Depressão e ansiedade custam US$ 1 trilhão à economia global por ano, segundo a OMS, ocasionando perda de produtividade e competitividade para as empresas. “As lideranças executivas começaram a entender a importância de cuidar de pessoas para manter a sustentabilidade de seus negócios, integrando o tema saúde mental à pauta da gestão estratégica das empresas”, afirma o diretor da Rede Brasil do Pacto Global da ONU. Para ele, as empresas também são responsáveis pelo impacto na saúde dos seus funcionários, e por isso que é tão importante que a responsabilidade seja compartilhada.
“A pandemia deixou clara a necessidade de as empresas repensarem seus programas de saúde mental e bem-estar”, diz. “Mesmo em empresas com iniciativas robustas e estruturadas, ouvimos relatos de aumento significativo no estresse geral dos times.”
Para Lisiane Bizarro, da Sociedade Brasileira de Psicologia, as mudanças no trabalho, na sociedade, na economia e no meio ambiente que vinham sendo sinalizadas há alguns anos foram precipitadas no contexto da pandemia. “O tipo de trabalho, suas condições e a conciliação com as mudanças na vida pessoal trouxeram muitos desafios”, afirma. “Isso sensibilizou as pessoas para olharem para quem está presente em todas essas mudanças e nas consequências que elas terão: o ser humano.”
Para ela, que também participará do debate, a organização do trabalho, condições inadequadas, o assédio moral, o burnout e o sentido do trabalho são fatores sob controle das empresas que são bem conhecidos por influenciarem a saúde física e mental dos trabalhadores. “Esses fatores de risco psicossocial são complexos e difíceis de entender, pois representam as percepções e experiências do trabalhador”, explica. “Alguns se referem à pessoa, outras às condições ou ao ambiente de trabalho. Contudo, as consequências são tanto individuais quanto organizacionais.”
Segundo ela, a prevenção dos fatores de risco psicossociais no trabalho obriga a um envolvimento ativo e dinâmico da organização e dos trabalhadores. “As empresas oferecem trabalho formal e renda, mas também podem diminuir os estressores ocupacionais e entender que todos os colaboradores, incluindo os gestores, estão expostos a riscos à saúde mental em seus contextos de vida, especialmente em países em desenvolvimento.”
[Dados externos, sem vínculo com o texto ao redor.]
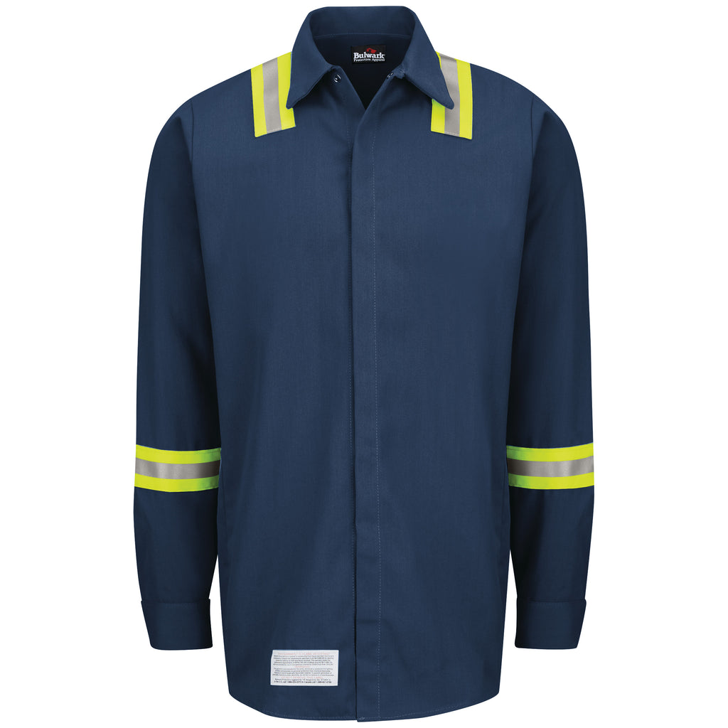 This Enhanced Visibility Concealed-Gripper Pocketless work shirt combines CAT2 protection with enhanced visibility to make this your go to work shirt. Features concealed-gripper closure, enhanced visibility striping, and sleeve vents. (Fit Chart: MFC-46)
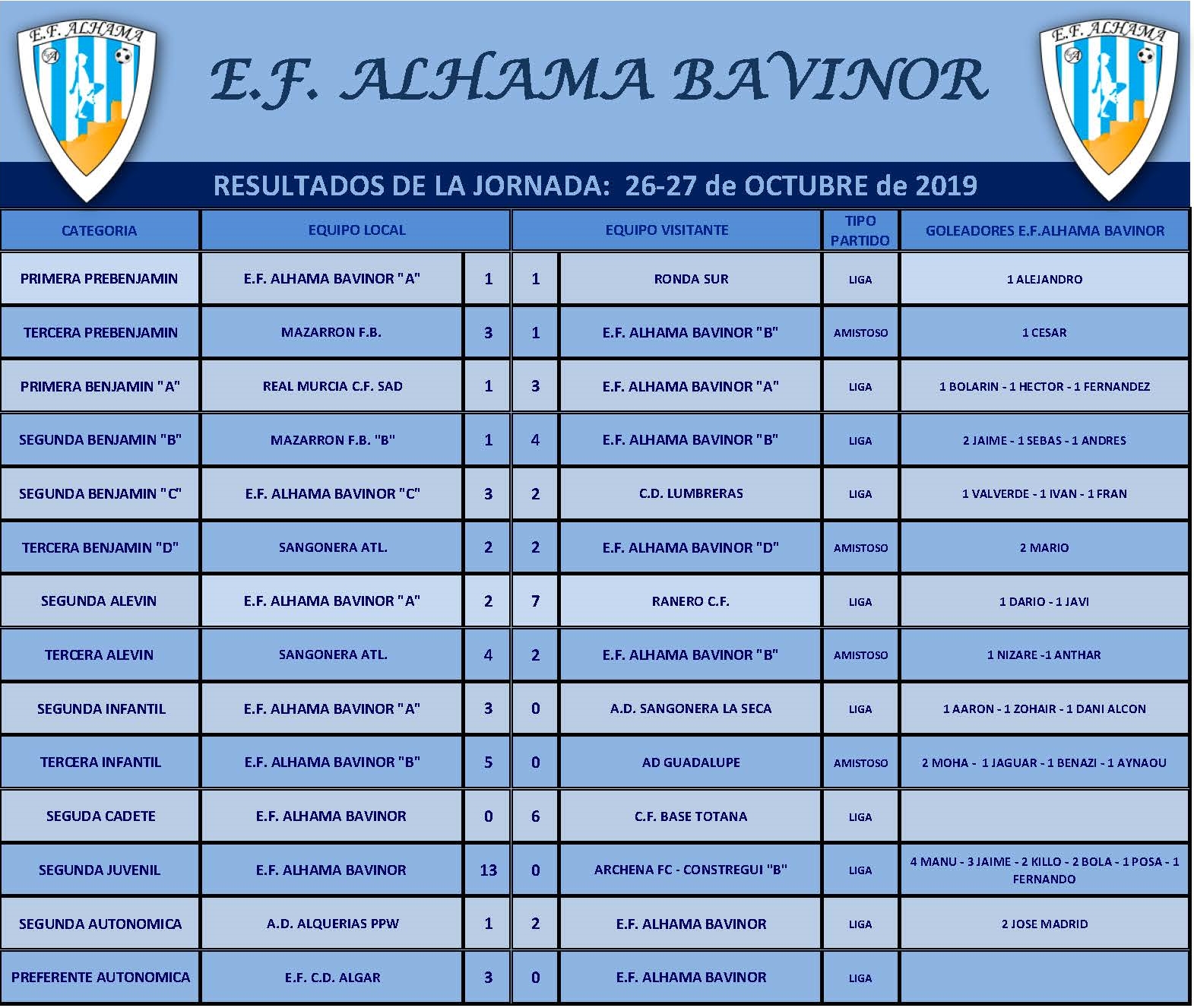 Resultados de la jornada del 27 de Octubre de 2019. Por Redacción28 de octubre de 2019Noticias, Resultados de los partidos

O médico Leandro Pereira Garcia, gerente médico sênior de gestão de saúde populacional na Amil/UHG, ressalta que, para as empresas, o impacto da deterioração da condição mental da população se dá em várias frentes, como o aumento dos custos diretos em saúde e a queda na produtividade em função do absenteísmo e do presenteísmo — quando o colaborador está na empresa mas não consegue desenvolver o trabalho de forma adequada.
“Estima-se que, nesta década, depressão será a principal causa de absenteísmo”, afirma. “A queda na produtividade reflete em um pior desempenho econômico, que realimenta o ciclo. Assim, falar de saúde mental nas empresas hoje é urgente, por uma questão humanitária, por uma questão competitiva e para auxiliar na recuperação econômica do mercado em que elas mesmas estão inseridas.”